I’ve used Apple Pay everywhere in Europe without friction. From vending machines to highway tolls to drive-throughs, public transit and parking meters. I can recall one failure to do so in the last six months (a state-owned gas station).

The same cannot be said of the US. Where at WalMart and Home Depot there is the capability of support but an incomprehensible refusal to do so. One rumor about why Home Depot denies it is because they were hacked once and are paranoid about any technology. Walmart may be spiteful due to margin/cost, valuing a few basis points over customer satisfaction, convenience, hygiene and employee productivity. These holdouts are the laggards. Perhaps there is some pride in denying their customers a basic convenience but there certainly isn’t profit in it.

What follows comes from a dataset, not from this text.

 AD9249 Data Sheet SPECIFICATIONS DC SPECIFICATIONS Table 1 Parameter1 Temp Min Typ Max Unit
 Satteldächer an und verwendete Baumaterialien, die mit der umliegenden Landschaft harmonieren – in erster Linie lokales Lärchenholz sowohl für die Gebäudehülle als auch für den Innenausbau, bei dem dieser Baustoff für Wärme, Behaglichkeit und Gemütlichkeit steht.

It gets even weirder when it comes to banks. In the US almost all banks immediately supported Apple Pay as an extension of their bank cards. In Europe the banks became the holdouts, rolling out support slowly and perversely.

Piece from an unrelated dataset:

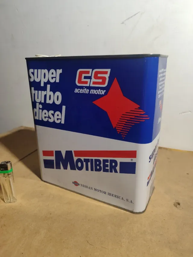 Antigua lata de aceite de motor Motiber CS Nissan en perfecto estado. Vacía

So when you consider the dependencies of Apple Pay:

  • Sufficient number of users with iPhones/Watches (check)
  • Support from Banks (great in US, spotty outside)
  • Willingness of retailers to accept (sluggish in US, perfect outside)
  • Availability of points-of-sale equipment (universal by now

It’s an impressive achievement.

My expectation six years ago was that Apple Pay would be a “$1 billion business” by 2020. This was based on a take rate of 15 basis points ($15/$10,000 in transactional value). Juniper Research, which regularly examines payment transaction markets, now expects that Apple will see global Apple Pay transactions of $686 billion by 2024.

At that 15 basis point rate it amounts to $1.03 billion. Thus this particular research suggests that I was off by 4 years, making the $1 billion pay day a 10 year target rather than six.

But maybe that is no fault of Apple’s. The transaction volume is also equivalent to 52% of the proximity mobile payment market. Half the addressable payment market is a pretty good market share for a company holding 25% of the smartphone user base.